Адо́льф Кетле́ (Ламбе́р Адо́льф Жак Кетле́; фр. Lambert-Adolph-Jacques Quetelet; 22 февраля 1796, Гент — 17 февраля 1874, Брюссель) — бельгийский математик, астроном, метеоролог, социолог. Один из родоначальников научной статистики.





Биография

Адольф Кетле ещё раннем детстве обнаружил блестящие способности к математике и уже в возрасте 18 лет был учителем этого предмета в своем родном городе; в 1819 году, защитив диссертацию по геометрии, был приглашен преподавателем в брюссельский Atheneum.

Обратясь к изучению физики и астрономии, Кетле, вместе с Жаном Гийомом Гарнье, основал в 1825 году «Correspondance mathematique et physique», вскоре получившую большую известность в учёном мире; Кетле доказывал необходимость сделать её одним из главных предметов школьного обучения.

Посетив Англию, Шотландию, Швейцарию, Италию и Германию, Кетле, в 1832 году, принял заведование построенной по его плану в Брюсселе обсерваторией.

В 1834 году Адольф Кетле был избран в постоянные секретари брюссельской Академии наук; преподавал также астрономию и геодезию в Ecole militaire, состоял директором бельгийского статистического бюро и председателем учрежденной по его инициативе бельгийской центральной статистической комиссии.

В 1853 году Кетле был председателем на Брюссельской морской конференции[1].

В 1970 г. Международный астрономический союз присвоил имя Адольфа Кетле кратеру на обратной стороне Луны.

Изображен на бельгийской почтовой марке 1974 года.

Сочинения

  • «Astronomie elementaire» (1826)
  • «Traite populaire d’Astronomie» (1827)
  • «Positions de Physique» (1827)
  • «Physique populaire» (1828)
  • «Instruction populaire sur la theorie des probabilites» (1828; извлечение из его публичных лекций по теории вероятностей)
  • Труды Кетле в области математики, физики, астрономии (издание с 1835 г. «Annales de l’observatoire» и «Annuaire de l’observatoire») и в особенности метеорологии (наблюдения над температурой Земли, работы по электричеству воздуха, наблюдения над так называемыми воздушными волнами; по его мысли состоялся в 1873 г. в Вене первый международный метеорологический конгресс и было положено начало организации систематических наблюдений над метеорологическими явлениями одновременно в разных странах) имеют несомненную ценность, но главной заслугой К. являются его работы в области статистики.

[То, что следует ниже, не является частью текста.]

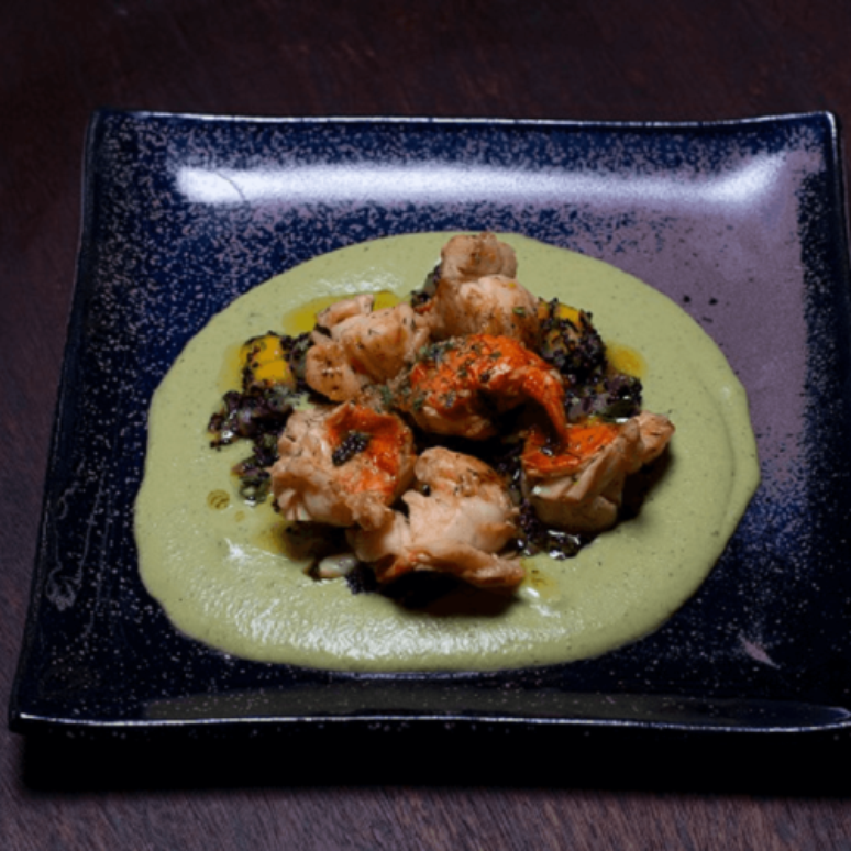Lagosta com salada de quinoa e creme de aspargos e ervilha.

Работы Кетле по статистике

Всех сочинений Кетле по статистике насчитывается 65.

  • «Sur l’homme et le développement de ses facultés, ou essai de Physique sociale» (Париж, 1835; 2 переработанное издание под заглавием: «Physique sociale, ou essai sur le développement des facultés de l’homme», с предисловием Гершеля — 1869, Брюссель; первая часть этого сочинения переведена на русский язык)
  • «Lettres sur la théorie des probabilités» (Брюссель, 1846)
  • «Du système social et des lois qui le régissent» (Париж, 1848; русский перевод — «Социальная система и законы, ею управляющие», СПб., 1886)
  • «Antropometrie ou mesure des différentes facultés de l’homme» (Брюссель, 1870).

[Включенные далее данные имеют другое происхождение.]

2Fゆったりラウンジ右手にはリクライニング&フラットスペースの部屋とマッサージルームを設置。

После первых же опытов в индуктивной разработке статистического материала, в мемуарах, относящихся к 20-м годам, Кетле пришел к следующим общим положениям, проводимым во всех дальнейших его работах.

  1. Вся масса фактов, собранных и собираемых статистикой, есть временное и пространственное изменение одного из свойств или элементов того типа человека, который мы создаем себе фиктивно, но который в то же время есть настоящий тип, о сохранении которого заботится природа; этот тип, слагаемый из разрозненных черт, есть средний человек.
  2. Тип человека, олицетворяющий социальное тело, сохраняется в силу постоянных или только периодически действующих причин, в отыскании которых, равно как и в построении этого типа, заключается главная задача социальной физики; все частные изменения этого типа — по народам, по пространству и времени — являются следствиями сложных причин, как постоянных, периодических, так и случайных; всякое изменение совершается непременно по известным законам, которым подчинены действия постоянных и периодических причин в их разнообразных сочетаниях # Подобный тип, со всеми его атрибутами, должен существовать не только для человека материального, физического, но и для духовного, нравственного и интеллектуального; в том и другом отношении тип поддерживается мировыми законами, которых человек изменить не в силах.
  3. Все наблюдаемые нами в статистике свойства или действия — только слабые приближения к тому, что составляет атрибут типа; каждая серия, каждый ряд наблюдений есть только ряд измерений величины, точно неопределимой; чем больше таких измерений, тем более мы имеем надежды достигнуть познания истинных свойств типа, тем ближе подходит средняя величина к единице, то есть к действительности, достоверности.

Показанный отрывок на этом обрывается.